County councils have different funding models but are subject to escalating demographic pressures over social care. Unitary councils, metropolitan authorities and London boroughs essentially provide the services of both counties and districts and so combine the funding pressures.

At one point in the first lockdown my district was losing £150,000 a week as car parks emptied and leisure services were closed. There was limited respite over the summer and autumn but no return to form.

The government appeared to promise that no council would be out of pocket as a result of COVID-19 – and that councils should get on with the battle against the pandemic without worrying. But this promise morphed into an undertaking that expenditure on COVID-19 measures would be fully compensated rather than income lost as a result of the pandemic.

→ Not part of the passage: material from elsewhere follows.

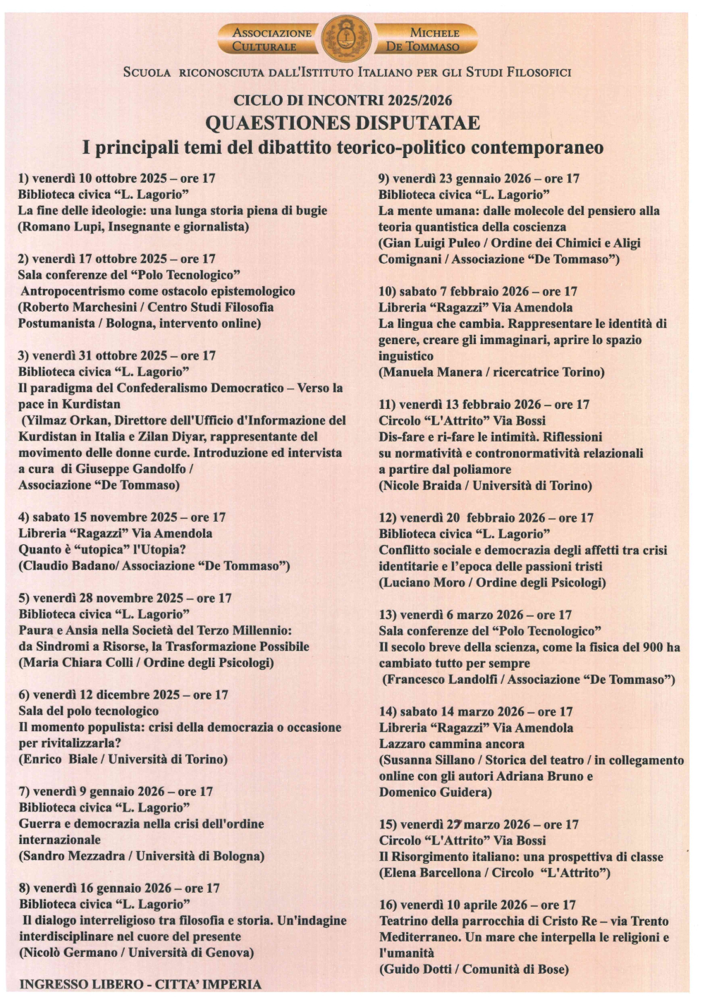 Ciclo di incontri di filosofia anno 2025/2026 a cura dell'Associazione Culturale Michele De Tommaso di Imperia presso la Sala Convegni della Biblioteca Civica L. Lagorio.

There has been some welcome cash but this, especially for districts, has largely dried up.

Monthly returns from councils to MHCLG estimate cost pressures and non-tax income losses for 2020/2021 at around £8.2bn, of which £2.8bn is lost sales, fees and charges. Once government support is taken into account, there is still a budget pressure of £1.1bn.

There are also £3.1bn losses from reduced business rates and council tax.

On the ground this means two things:

First: councils have had to take early action this year to manage the losses currently being incurred: this means dipping into reserves, which in many cases have been running at minimal levels as a result of an already stressed business model before COVID-19 even started. It has also meant in-year cuts in services and some asset sales (but this is not the time to sell off assets in quantity).

Second: councils are having to plan for an uncertain future. Will there be more government funding? What is the impact of the second lockdown? When will the pandemic actually end?

This level of uncertainty is unprecedented. Councils now cannot avoid service changes and cuts in what hitherto were unpalatable areas (eg waste collection) as well as wholesale reorganisation. But it also means contingency planning, basically having cuts and savings in the back pocket in areas which are beyond unpalatable. 

Politically this is a challenge when residents believe that council tax pays for everything.